# Material provided:
········
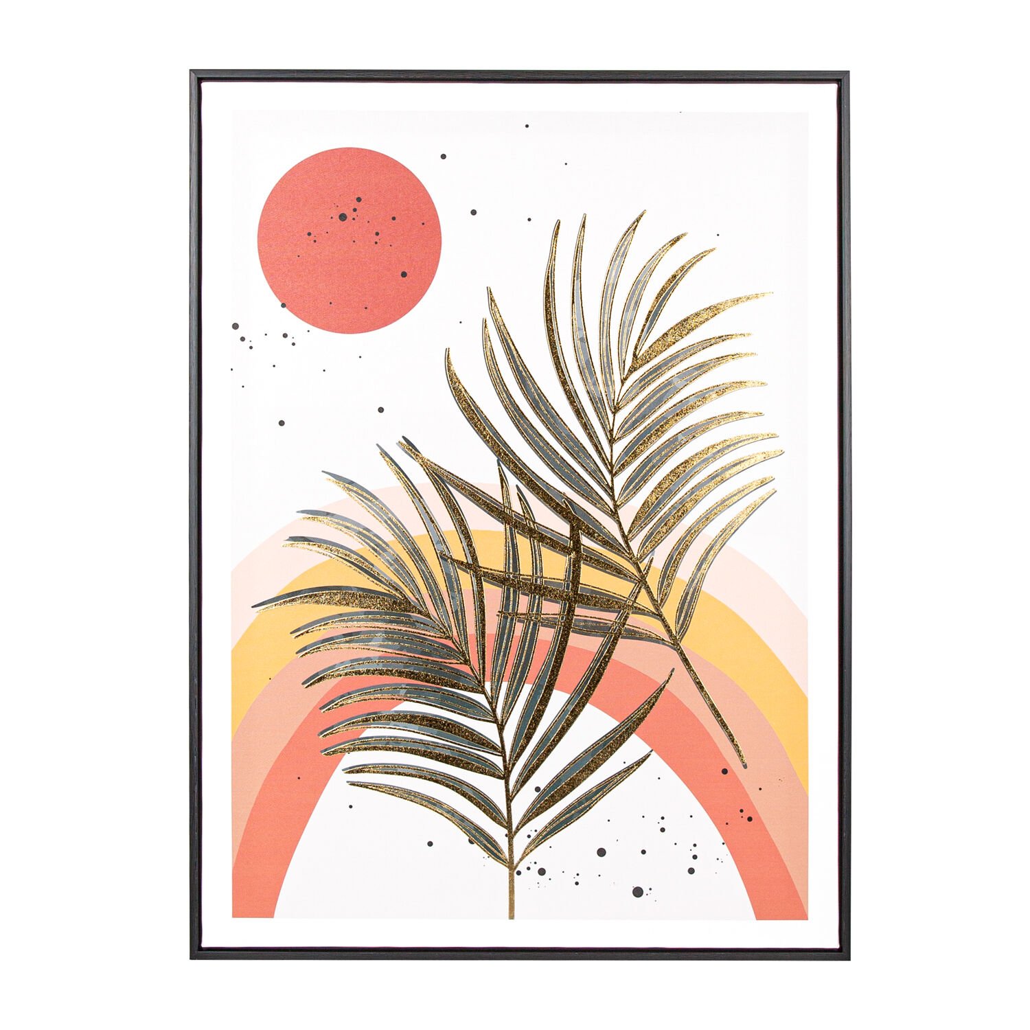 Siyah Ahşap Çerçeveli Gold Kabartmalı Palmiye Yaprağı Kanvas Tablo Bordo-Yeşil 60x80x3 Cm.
········
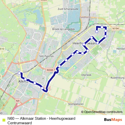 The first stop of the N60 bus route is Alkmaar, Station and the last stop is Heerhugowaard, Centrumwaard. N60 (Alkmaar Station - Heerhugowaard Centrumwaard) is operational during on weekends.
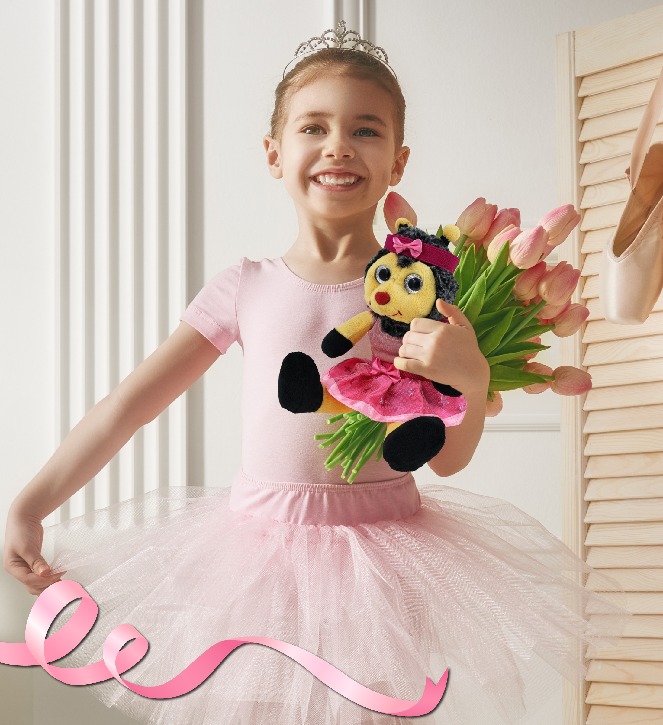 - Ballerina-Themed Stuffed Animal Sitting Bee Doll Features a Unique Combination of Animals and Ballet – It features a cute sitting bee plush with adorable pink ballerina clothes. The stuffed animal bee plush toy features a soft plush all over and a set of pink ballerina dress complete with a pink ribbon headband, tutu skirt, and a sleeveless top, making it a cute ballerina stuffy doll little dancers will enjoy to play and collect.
········
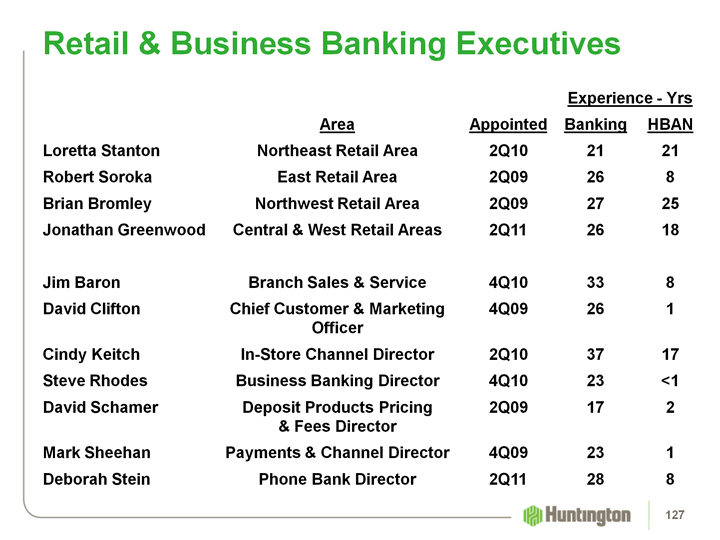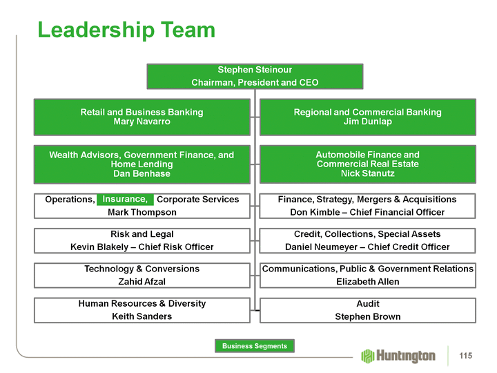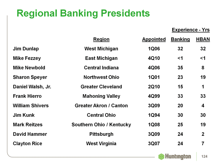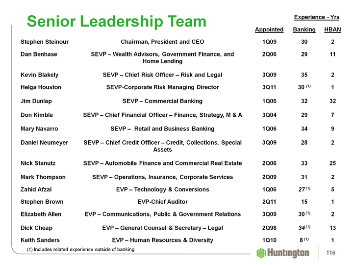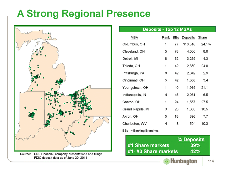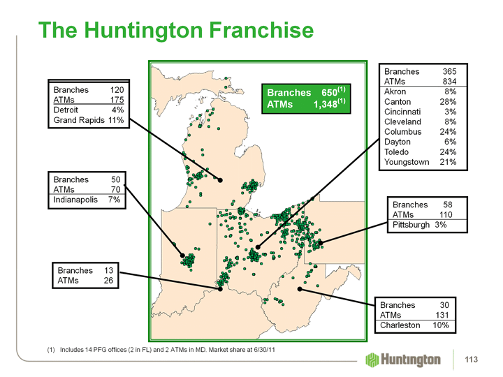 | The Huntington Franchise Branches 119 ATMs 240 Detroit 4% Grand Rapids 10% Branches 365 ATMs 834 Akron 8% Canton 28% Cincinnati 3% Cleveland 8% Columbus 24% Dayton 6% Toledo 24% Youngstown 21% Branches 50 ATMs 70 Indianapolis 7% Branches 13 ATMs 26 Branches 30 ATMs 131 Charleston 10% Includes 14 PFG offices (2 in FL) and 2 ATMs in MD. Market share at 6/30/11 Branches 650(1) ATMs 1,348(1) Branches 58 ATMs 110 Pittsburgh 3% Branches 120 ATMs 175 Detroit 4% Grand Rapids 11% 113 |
········
# Required action:
Return word for word the lines of the listing above, starting at the line with "The first stop" and ending at the line with "- Ballerina-Themed Stuffed", both included. Pictures do not belong in the copy.

# Result:
 The first stop of the N60 bus route is Alkmaar, Station and the last stop is Heerhugowaard, Centrumwaard. N60 (Alkmaar Station - Heerhugowaard Centrumwaard) is operational during on weekends.
 - Ballerina-Themed Stuffed Animal Sitting Bee Doll Features a Unique Combination of Animals and Ballet – It features a cute sitting bee plush with adorable pink ballerina clothes. The stuffed animal bee plush toy features a soft plush all over and a set of pink ballerina dress complete with a pink ribbon headband, tutu skirt, and a sleeveless top, making it a cute ballerina stuffy doll little dancers will enjoy to play and collect.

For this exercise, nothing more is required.